## [INSTRUCTIONS TO FOLLOW]
Every line of the data below must be output exactly, with images left out.

## [DATA EXTRACT]
------
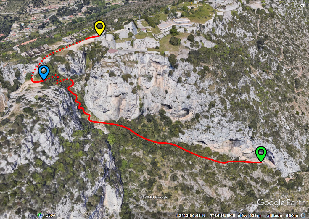 Début de sentier / descente: N 43° 43.858 E 007° 24.137
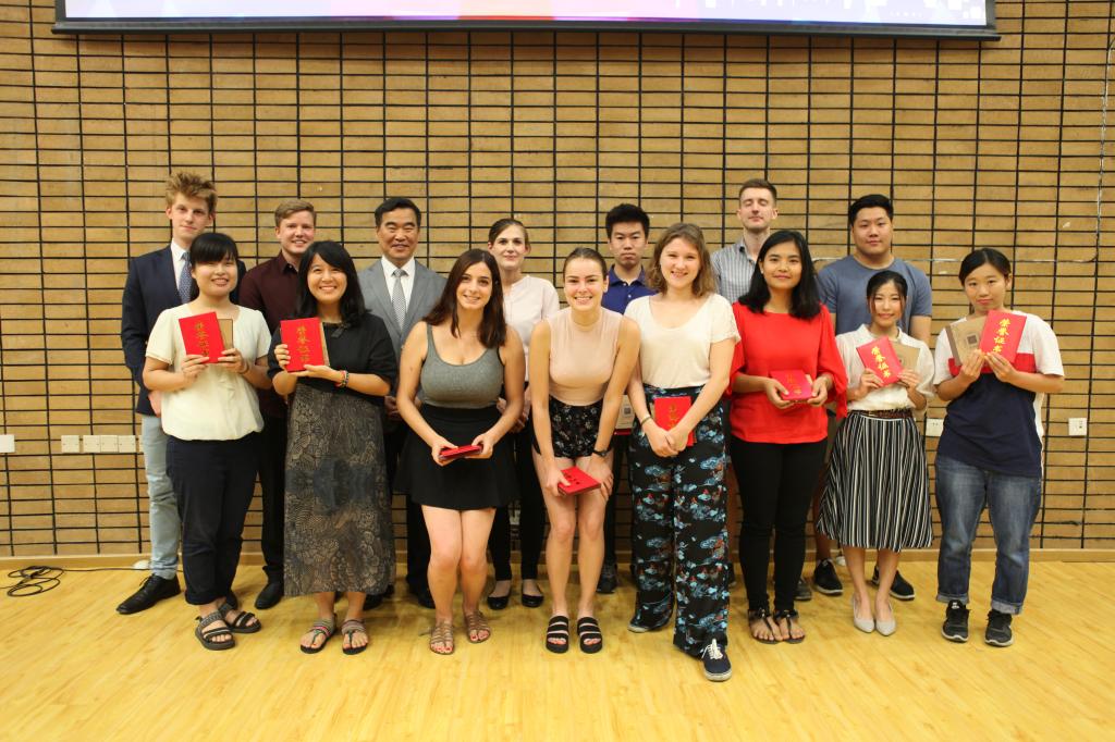 2018年7月6日下午,Beat365官方网站Beat365官方网站汉语培训中心进修部2018年春季学期外国留学生结业典礼在文华厅顺利举行。
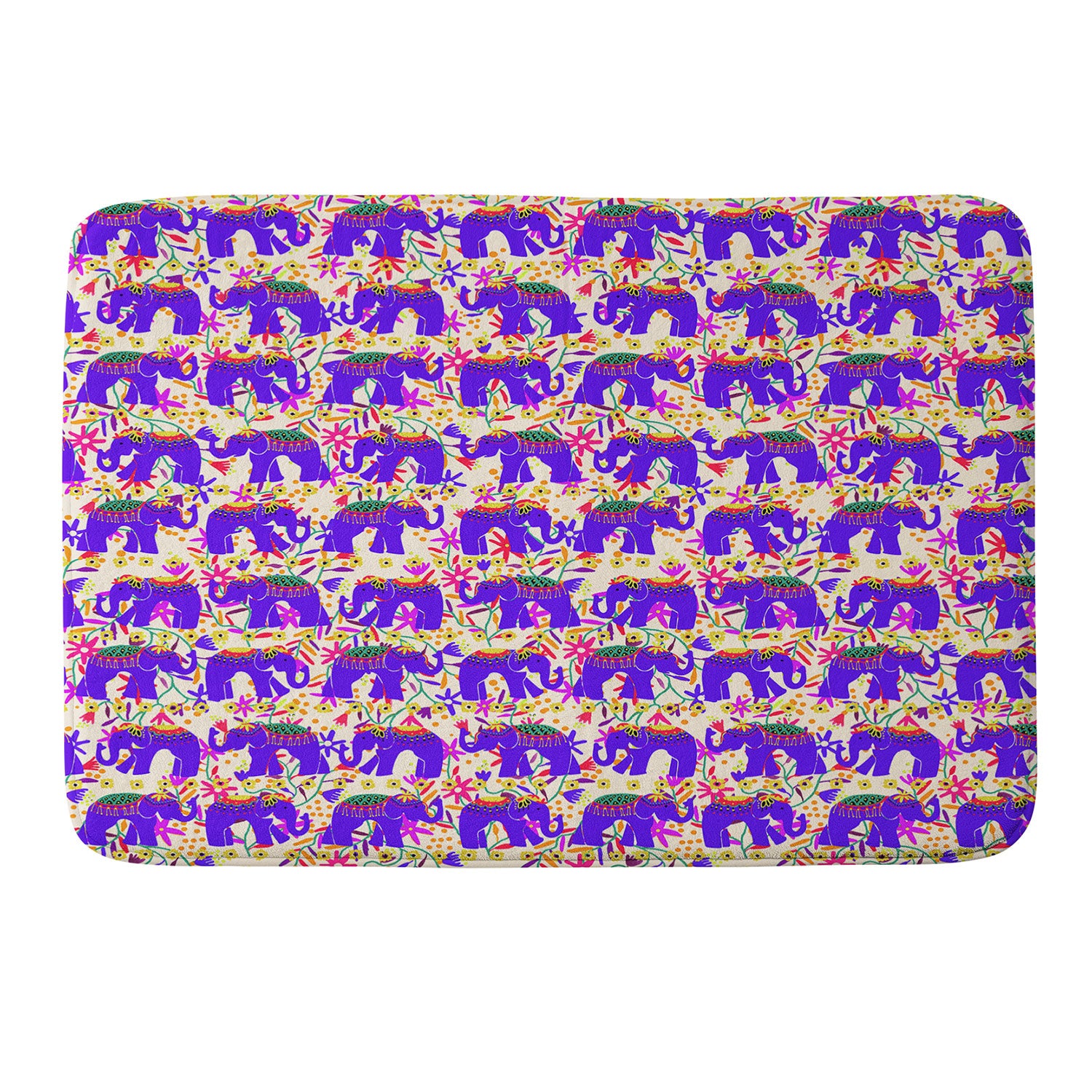 Joy Laforme Elephants Deco On Exotic Florals Memory Foam Bath Mat
------
## [EXERCISE SOLUTION]
 Début de sentier / descente: N 43° 43.858 E 007° 24.137
 2018年7月6日下午,Beat365官方网站Beat365官方网站汉语培训中心进修部2018年春季学期外国留学生结业典礼在文华厅顺利举行。
 Joy Laforme Elephants Deco On Exotic Florals Memory Foam Bath Mat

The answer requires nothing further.